*** INPUT FOR THIS TASK ***

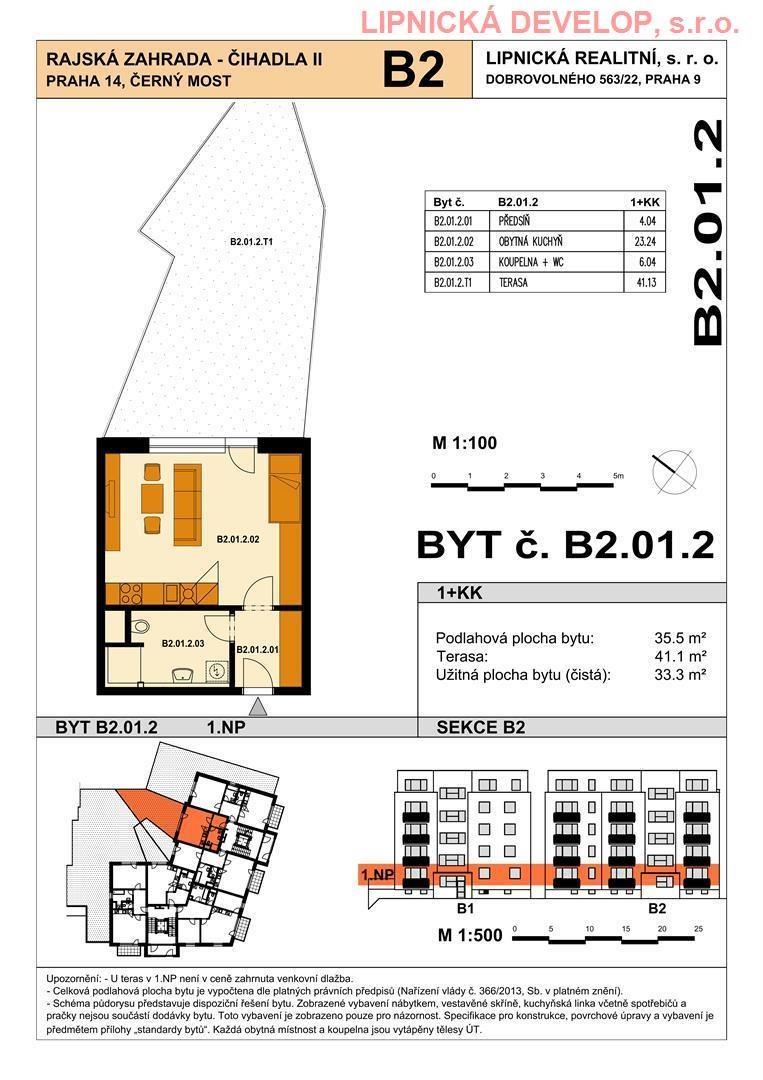 Prodej nového bytu s označení B2.01.2 o dispozici 1+kk v developerském projektu AREÁL RAJSKÁ ZAHRADA - ČIHADLA II, BYTOVÉ DOMY "B", "D", PRAHA 9. Byt se nachází v bytovém domě B. Podlahová plocha bytu je 35,5 m2 (užitná plocha bytu je 33,3 m2) + sklepní kóje o výměře 1,6 m2 + zatravněná terasa o výměře 41,1 m2. Byt se nachází v 1. nadzemním podlaží domu. Byt se skládá z obývacího pokoje, chodby, koupelny + WC. Velikou výhodou je zatravněná terasa (předzahrádka) přístupná z obývacího pokoje.
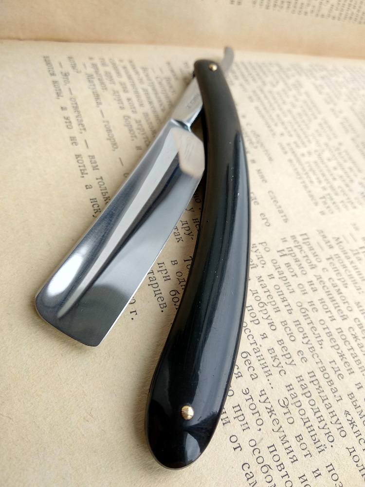 Бритва для Старичка., тот, который давно отбросил стереотипы по поводу ТМ, производителя и т.д. В использовании не была. Была проведена легкая профилактика полотна. Есть мелкие грешки, но они поверхностные.Ручка - целлулоид. Пины родные. 55$. Почта входит в скромную стоимость. Spoiler Show Re: Продаётся от KarangiПривет. Мост 55г с предыдущей странички продан не? Если нет, какая цена?
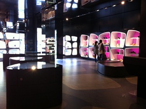 Premium Dutch footwear retailer, ShoeBaloo turned that practice on its head when they selected a huge 375sqm sized space back in 2006 for their Rotterdam store. To put that in perspective it’s up to four times the size of your average boutique shoe store. A vast hall of mirrored ceiling and black flooring with mirrored topcoat reflects the walls – each lined with asymmetrical moulded alcoves wrapped in white leather. Ever-changing coloured light permeates through the translucent acrylic behind each alcove, providing a varying backdrop to highlight the footwear.
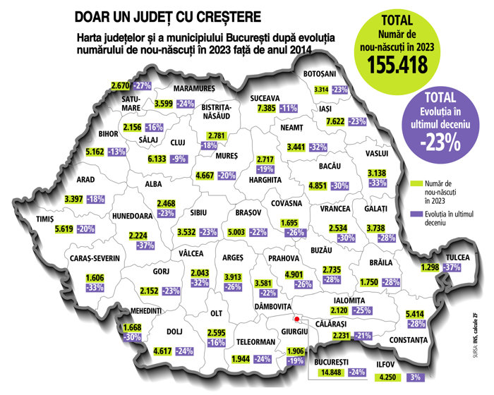 Criza natalităţii în România: Ilfov este singurul judeţ care a înregistrat o creştere a numărului de nou-născuţi în ultimii 10 ani. Cele mai mari scăderi ale numărului de nou-născuţi sunt în Tulcea, Hunedoara şi Caraş-Severin, iar cele mai mici scăderi sunt în Cluj, Suceava şi Bihor
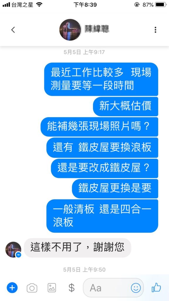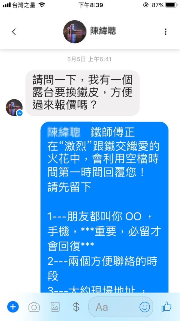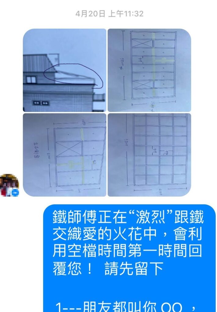 這種就有大概行情價可以參考,真的是沒有時間過去現場,鐵師傅主要還是需要交件,才有錢賺,去估價,也要等工作空檔,有些客戶比較心急的,就沒緣當朋友。
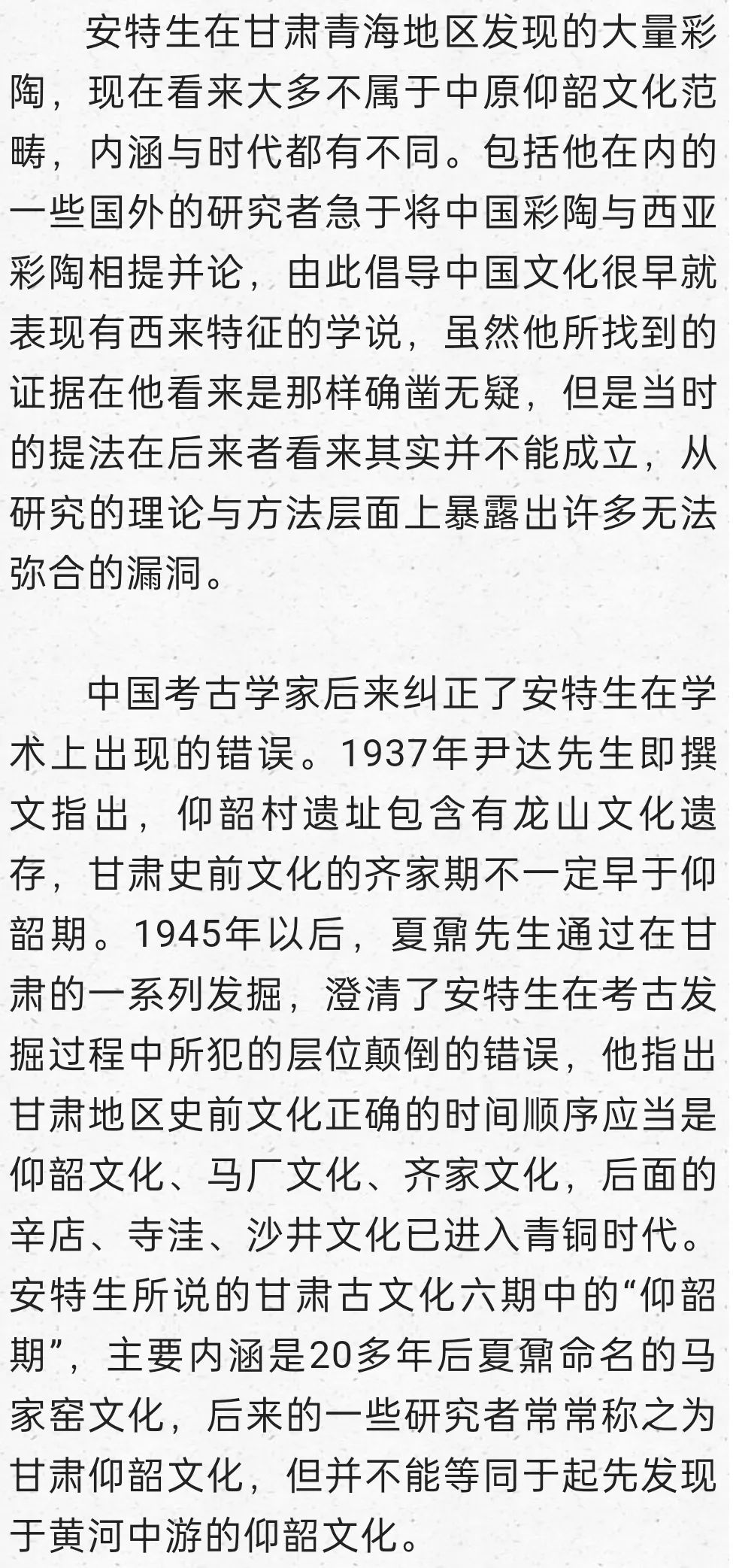 安特生從1923年開(kāi)始沿黃河西行,去追溯仰韶文化和彩陶文化的源頭。他在甘肅和青海一帶發(fā)現(xiàn)了豐富的古文化遺存,發(fā)現(xiàn)了比中原數(shù)量更多的彩陶,這使得他流連忘返,一直在那里待了近兩個(gè)年頭。安特生發(fā)現(xiàn)六種考古學(xué)文化中都見(jiàn)到了彩陶,他認(rèn)為這些考古學(xué)文化處于新石器時(shí)代晚期到向青銅時(shí)代過(guò)渡的時(shí)期,絕對(duì)年代約在公元前3500年到1500年之間,包括仰韶在內(nèi)它們代表了6個(gè)發(fā)展階段,它們是齊家期、仰韶期、馬廠期、辛店期、寺洼期和沙井期,這便是他創(chuàng)建的“六期說(shuō)”。將齊家期放在仰韶期之前,齊家期簡(jiǎn)單而質(zhì)樸的彩陶紋飾,被認(rèn)定是彩陶開(kāi)始出現(xiàn)的證據(jù)。

*** End of INPUT FOR THIS TASK ***

ABOUT THIS TASK: An exact restatement of the lines from the one holding "這種就有大概行情價可以參考,真的是沒有時" through the end of the entries, both ends included, is the whole answer. Pictures stay out.

TASK RESPONSE:
 這種就有大概行情價可以參考,真的是沒有時間過去現場,鐵師傅主要還是需要交件,才有錢賺,去估價,也要等工作空檔,有些客戶比較心急的,就沒緣當朋友。
 安特生從1923年開(kāi)始沿黃河西行,去追溯仰韶文化和彩陶文化的源頭。他在甘肅和青海一帶發(fā)現(xiàn)了豐富的古文化遺存,發(fā)現(xiàn)了比中原數(shù)量更多的彩陶,這使得他流連忘返,一直在那里待了近兩個(gè)年頭。安特生發(fā)現(xiàn)六種考古學(xué)文化中都見(jiàn)到了彩陶,他認(rèn)為這些考古學(xué)文化處于新石器時(shí)代晚期到向青銅時(shí)代過(guò)渡的時(shí)期,絕對(duì)年代約在公元前3500年到1500年之間,包括仰韶在內(nèi)它們代表了6個(gè)發(fā)展階段,它們是齊家期、仰韶期、馬廠期、辛店期、寺洼期和沙井期,這便是他創(chuàng)建的“六期說(shuō)”。將齊家期放在仰韶期之前,齊家期簡(jiǎn)單而質(zhì)樸的彩陶紋飾,被認(rèn)定是彩陶開(kāi)始出現(xiàn)的證據(jù)。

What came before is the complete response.